Other than Mookie Betts at center field, nobody was showing much consistency with the bat or the glove in right field or in left. Hanley Ramirez‘s injury woes followed him from the Los Angeles Dodgers; Rusney Castillo and Jackie Bradley Jr. spent much of the season in Triple-A Pawtucket; Shane Victorino and Daniel Nava could not seem to fill the void, hence Victorino being traded a month earlier; and Brock Holt was needed to help out in the infield, as veteran leader Dustin Pedroia has been sidelined from second base for months with an injury.
De Aza helped give the Red Sox outfield some consistency and veteran leadership, while Boston waited for the young talent to find their way back to the fold. De Aza played 60 games for Boston, hitting four home runs, 25 RBIs, and a slash line of .292/.347/.484. He played left field 33 times, 19 were starts and 14 were substitutions for either Ramirez getting injured or the fact that they just didn’t trust Han-Ram’s glove in close games. De Aza also played right field 24 times, 21 being starts. Both positions were played perfectly, at least according to his fielding percentages. You never felt nervous when the ball would be hit sharply to De Aza, as he handled everything like a solid outfielder would. Nothing highlight-reel worthy, but that’s not why he was brought in to the team in the first place.
Pat Bradley of NESN reported about the trade, and gave the rundown regarding Ysla:
"“The 23-year-old will report to High-A Salem. He pitched for San Francisco’s High-A affiliate in San Jose, going 3-6 with a 6.21 ERA in 33 games, including nine starts. In his last 18 relief appearances, Ysla has a 3.65 ERA with 47 strikeouts. He’s struck out 95 batters in 79.2 innings, good for a 10.7 K/9 ratio. Ysla earned postseason All-Star honors in each of his first two minor league seasons with the rookie-level Arizona League Giants in 2013 and Single-A Augusta in 2014. He combined to go 10-7 with a 2.51 ERA in 36 outings, 35 of which were starts.”"
With De Aza and cash going to the Giants, Dave Dombrowski, Boston’s president of baseball operations, must think pretty highly of the young lefty pitcher. Dombrowski didn’t even wait to hire a new general manager to take care of the day-to-day legwork for the deal, not that he needed to do so.

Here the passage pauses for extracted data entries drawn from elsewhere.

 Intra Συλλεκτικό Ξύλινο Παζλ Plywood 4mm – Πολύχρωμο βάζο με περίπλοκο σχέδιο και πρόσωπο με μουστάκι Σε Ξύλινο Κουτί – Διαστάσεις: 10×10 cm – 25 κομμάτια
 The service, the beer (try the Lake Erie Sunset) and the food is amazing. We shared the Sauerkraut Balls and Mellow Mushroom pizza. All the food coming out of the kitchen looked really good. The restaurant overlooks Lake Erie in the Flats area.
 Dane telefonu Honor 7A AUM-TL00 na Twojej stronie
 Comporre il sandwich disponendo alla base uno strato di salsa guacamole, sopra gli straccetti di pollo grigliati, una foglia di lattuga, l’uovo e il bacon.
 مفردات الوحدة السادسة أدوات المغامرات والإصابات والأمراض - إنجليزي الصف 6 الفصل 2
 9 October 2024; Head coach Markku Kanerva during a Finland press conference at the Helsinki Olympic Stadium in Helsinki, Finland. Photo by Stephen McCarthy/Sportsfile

Lefty pitchers are always a great commodity, especially when you play in the American League East, where teams like the New York Yankees seem to have lefty bats all over their lineups. It’s not like the Red Sox were going to get a starter for De Aza, and they were motivated to sell their asset for as much as they could get with his contract was coming to an end after the regular season. Getting a young pitcher seems logical. Ysla doesn’t seem like he’s setting the world on fire with his play, but his consistency to strike out batters at a high rate is a fair comparison to De Aza’s own consistent play.

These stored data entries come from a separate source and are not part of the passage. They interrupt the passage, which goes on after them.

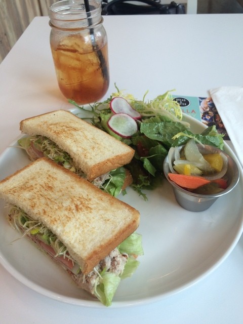 ということで、スモークアヒ サンドイッチ$13とピーチマンゴーアイスティ$2.50を
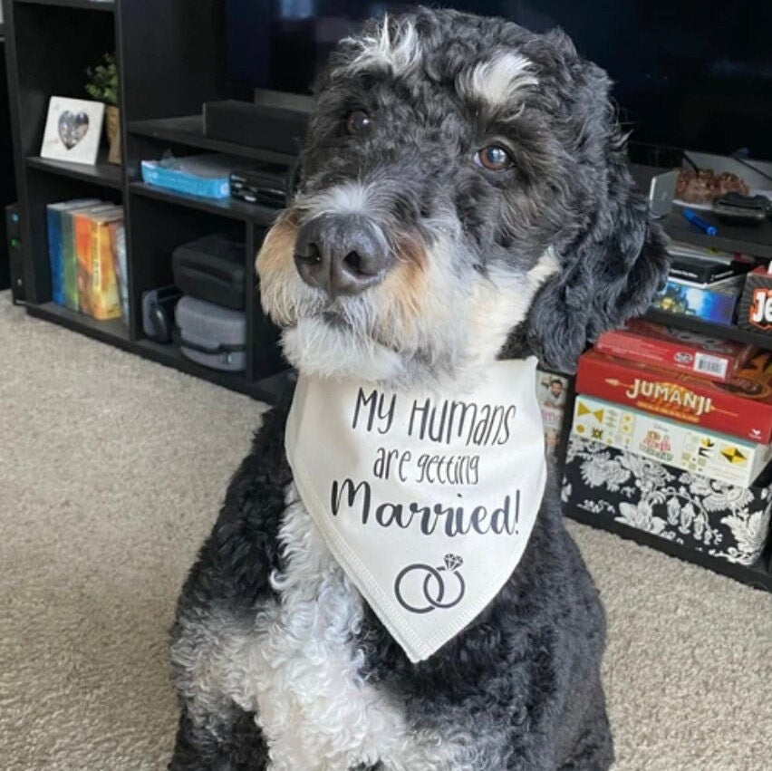 Order your "My Humans are Getting Married" dog bandana today, and treat your furry friend to an experience they will cherish alongside you and your loved ones on your wedding day.
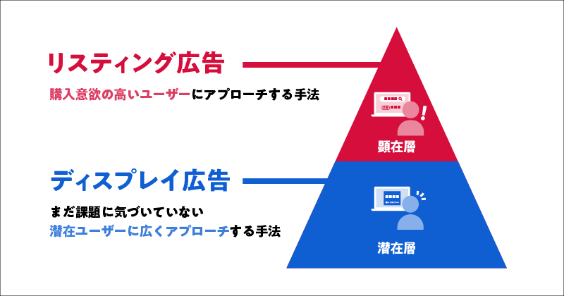 このように、ディスプレイ広告とリスティング広告は優劣をつけられるものではなく、特性が異なる広告手法と捉える必要があります。広告施策の目的や訴求すべきターゲットに応じて適切に活用していくのがポイントです。
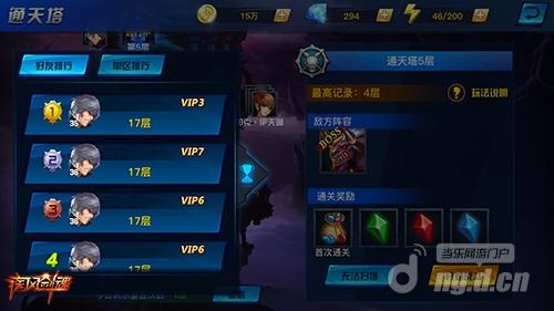 如果在爬塔过程中遇到困难也请不要灰心,在通天塔挑战没有次数限制也没有体力消耗,你只需要调整战斗方案再战即可!此外,对于容易卡关的冒险者们,小编在这里大发慈的告诉你们一个秘诀→点击通天塔页面的左侧奖杯图案,可以查看到当前好友的爬塔进度,向领先你的好友请教爬塔技巧吧~如果你还嫌不够,还可以查看【单区排行】,里面是整个区的爬塔大神,从此可以开心的抱大腿啦~
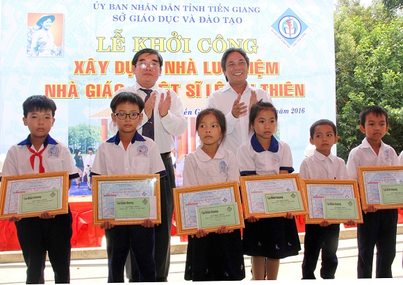 Dịp này, Sở Giáo dục và Đào tạo tỉnh Tiền Giang phối hợp cùng Báo Bình Dương ra mắt Quỹ học bổng mang tên nhà giáo - Liệt sĩ Lê Thị Thiên. Quỹ học bổng nhằm giúp đỡ cho các em học sinh vượt khó của các trường TH, THCS thuộc xã Mỹ Phước Tây tỉnh Tiền Giang. Tại buổi ra mắt quỹ học bổng, đại diện Công ty Cổ phần Sáng Ban Mai anh Bùi Ngọc Anh đã trao tặng số tiền 20 triệu đồng cho quỹ học bổng mang tên nhà giáo - Liệt sĩ Lê Thị Thiên.

What Red Sox Nation should remember about De Aza is how hard he played for them. Every at-bat, even if he got out, was a tough-fought battle with the opposing pitcher. He took many plate appearances for many full counts and would also spoil many good pitches into foul territory, extending the pitch count so that the starter would have to leave the game earlier than usual. That was Red Sox manager John Farrell‘s openly-publicized strategy, which De Aza executed each time that he was given a chance.
Good luck, De Aza. Hopefully, you find a home in San Francisco, or another team next season, and settle down, without another trade to worry about. Fenway’s memories of you are all good ones.